Abstract:Skeleton-based Temporal Action Segmentation involves the dense action classification of variable-length skeleton sequences. Current approaches primarily apply graph-based networks to extract framewise, whole-body-level motion representations, and use one-hot encoded labels for model optimization. However, whole-body motion representations do not capture fine-grained part-level motion representations and the one-hot encoded labels neglect the intrinsic semantic relationships within the language-based action definitions.
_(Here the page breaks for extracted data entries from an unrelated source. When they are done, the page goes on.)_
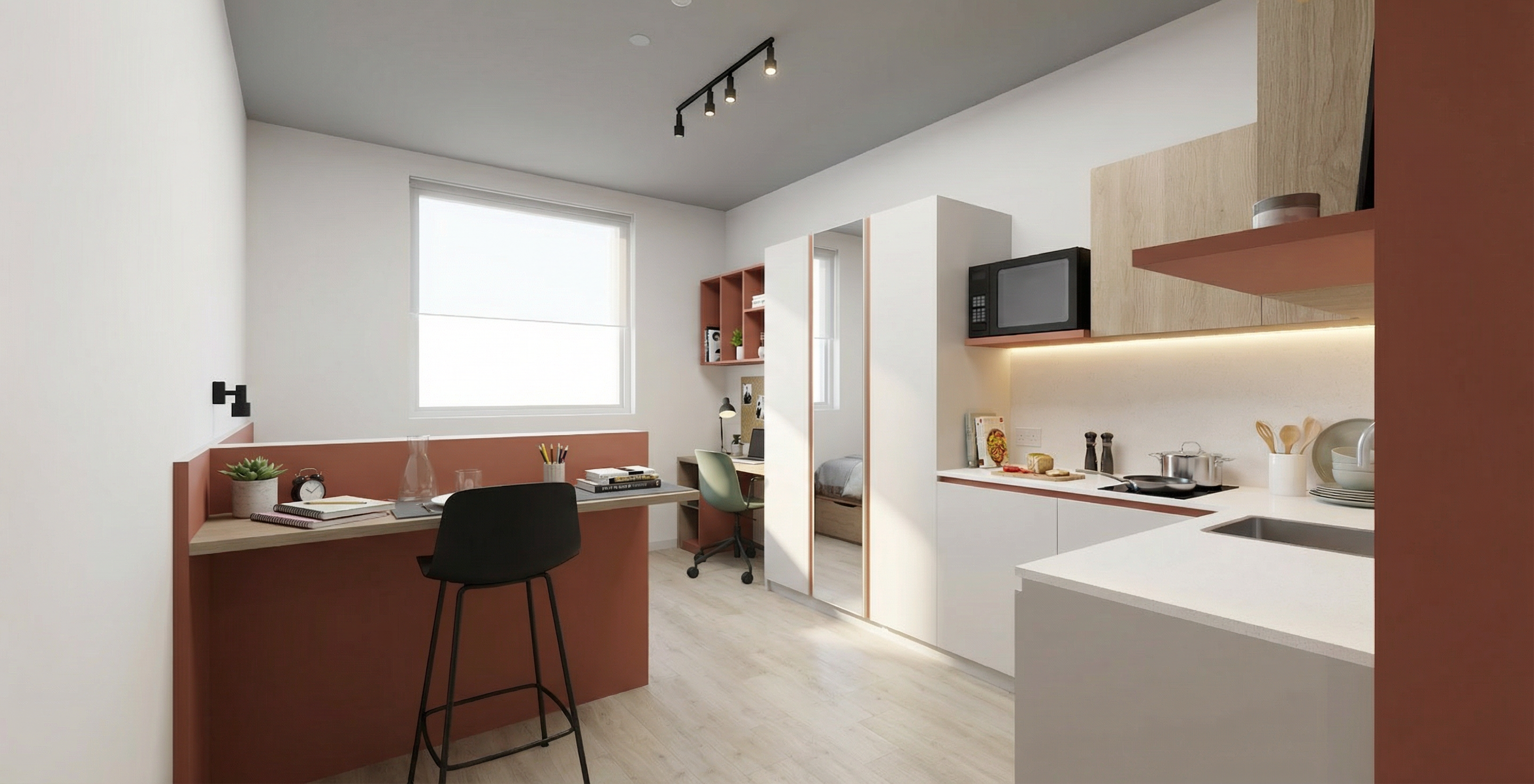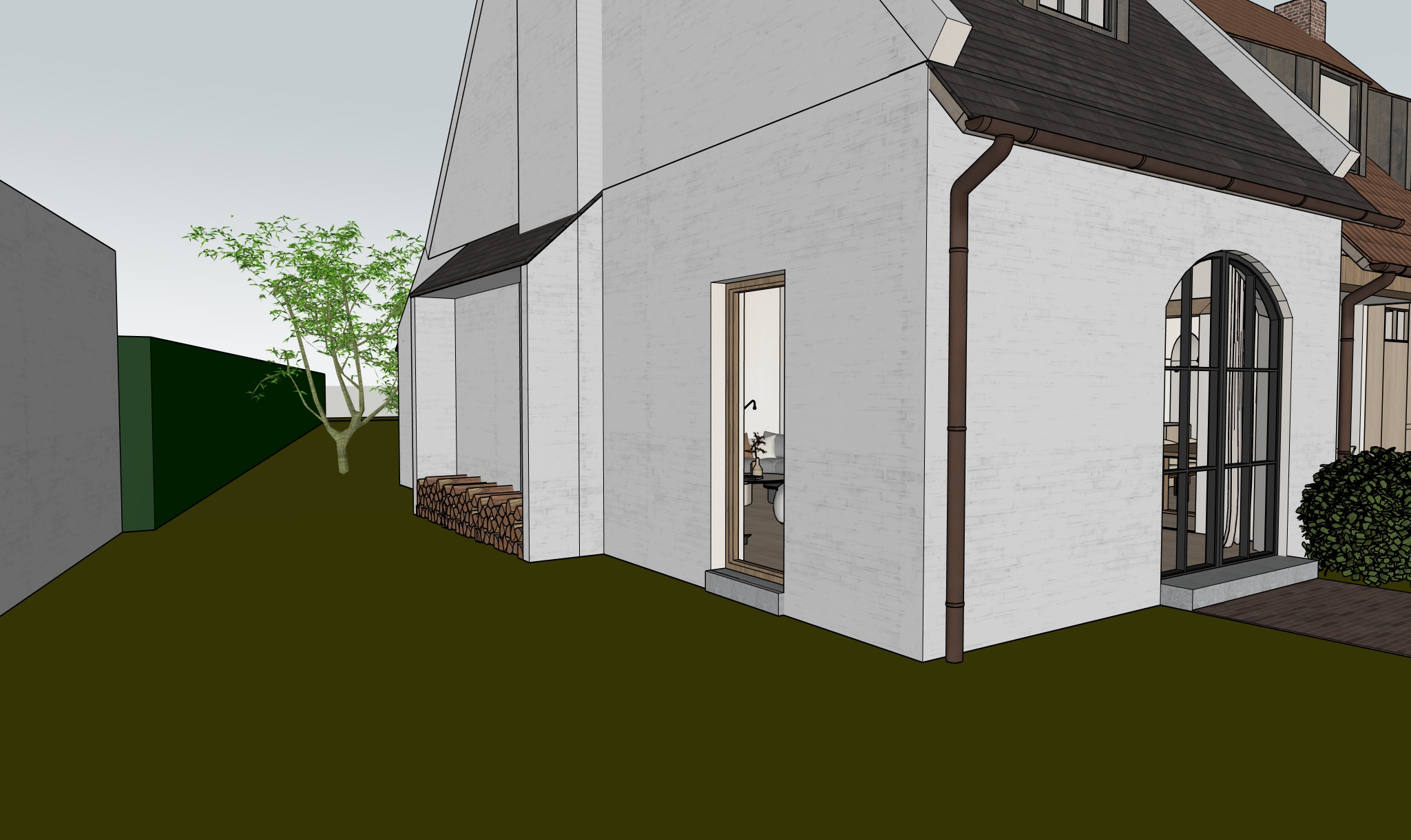 a serene outdoor architectural scene showing a building facade made of white painted brick the composition and color palette are preserved exactly as in the original view the facade features a natural wooden window frame and the roof is covered with dark gray slate tiles the atmosphere is calm quiet and harmonious with soft natural daylight and no harsh shadows in the background on the left side a neatly trimmed green hedge is visible adding depth and balance to the scene the overall mood is peaceful minimal and timeless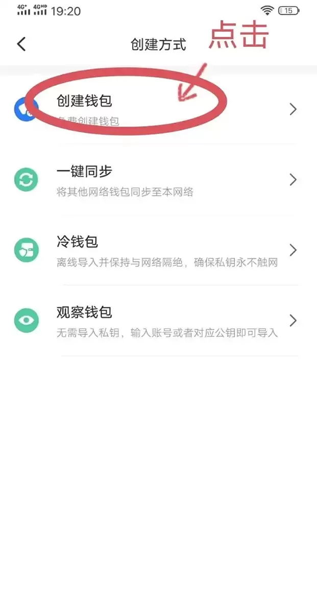 点击创建钱包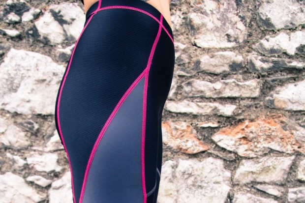 The cut is very flattering with black and grey panels following the contours of the body and contrasting hot pink over-locked stitching. The lycra fabric itself is close fitting, supportive and comfortable, though not very lightweight, making it less ideal for hot summer days.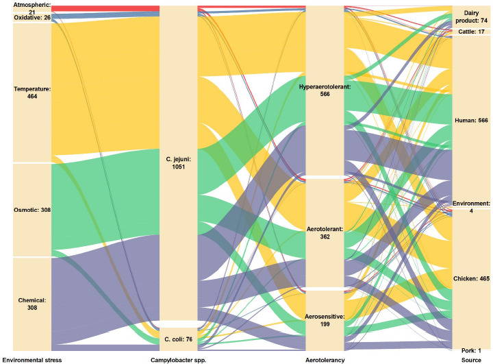 An alluvial plot illustrated the overview of Campylobacter spp. isolates with different levels of aerotolerance from several sources studied against environmental stresses was generated using the Origin 2023b (OriginLab Corporation, MA, USA). Ordinal logistic regression was performed to investigate the relationship between Campylobacter spp. sequence type (ST) and aerotolerance level with the Minitab 19 statistical software (Minitab, LLC, PA, USA). Radial graphs of clonal complexes (CC) and ST of C. jejuni and C. coli with different aerotolerance levels were illustrated with the Flourish platform (flourish.studio/).

To address these limitations, we propose a novel method named Language-assisted Human Part Motion Representation Learning (LPL), which contains a Disentangled Part Motion Encoder (DPE) to extract dual-level (i.e., part and whole-body) motion representations and a Language-assisted Distribution Alignment (LDA) strategy for optimizing spatial relations within representations. Specifically, after part-aware skeleton encoding via DPE, LDA generates dual-level action descriptions to construct a textual embedding space with the help of a large-scale language model. Then, LDA motivates the alignment of the embedding space between text descriptions and motions. This alignment allows LDA not only to enhance intra-class compactness but also to transfer the language-encoded semantic correlations among actions to skeleton-based motion learning. Moreover, we propose a simple yet efficient Semantic Offset Adapter to smooth the cross-domain misalignment. Our experiments indicate that LPL achieves state-of-the-art performance across various datasets (e.g., +4.4\% Accuracy, +5.6\% F1 on the PKU-MMD dataset). Moreover, LDA is compatible with existing methods and improves their performance (e.g., +4.8\% Accuracy, +4.3\% F1 on the LARa dataset) without additional inference costs.